Wherever an image appears in the data, omit it and copy all the remaining text word for word.

> [The data]

***

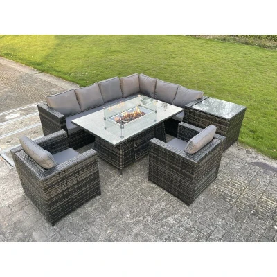 Outdoor Rattan Garden Corner Furniture Gas Fire Pit Dining Table Heater Sets Lounge Chairs Side Dark Grey 8 Seater Fimous
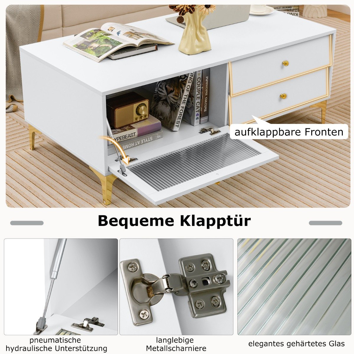 - Uždaras skyrius ir du stalčiai papildomam daiktų laikymui.
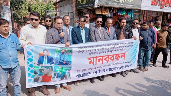 জনবাণীর সম্পাদকসহ ৪ সাংবাদিকের ওপর হামলা, প্রতিবাদে কুষ্টিয়ায় মানববন্ধন

***

> [Response to the task]
 Outdoor Rattan Garden Corner Furniture Gas Fire Pit Dining Table Heater Sets Lounge Chairs Side Dark Grey 8 Seater Fimous
 - Uždaras skyrius ir du stalčiai papildomam daiktų laikymui.
 জনবাণীর সম্পাদকসহ ৪ সাংবাদিকের ওপর হামলা, প্রতিবাদে কুষ্টিয়ায় মানববন্ধন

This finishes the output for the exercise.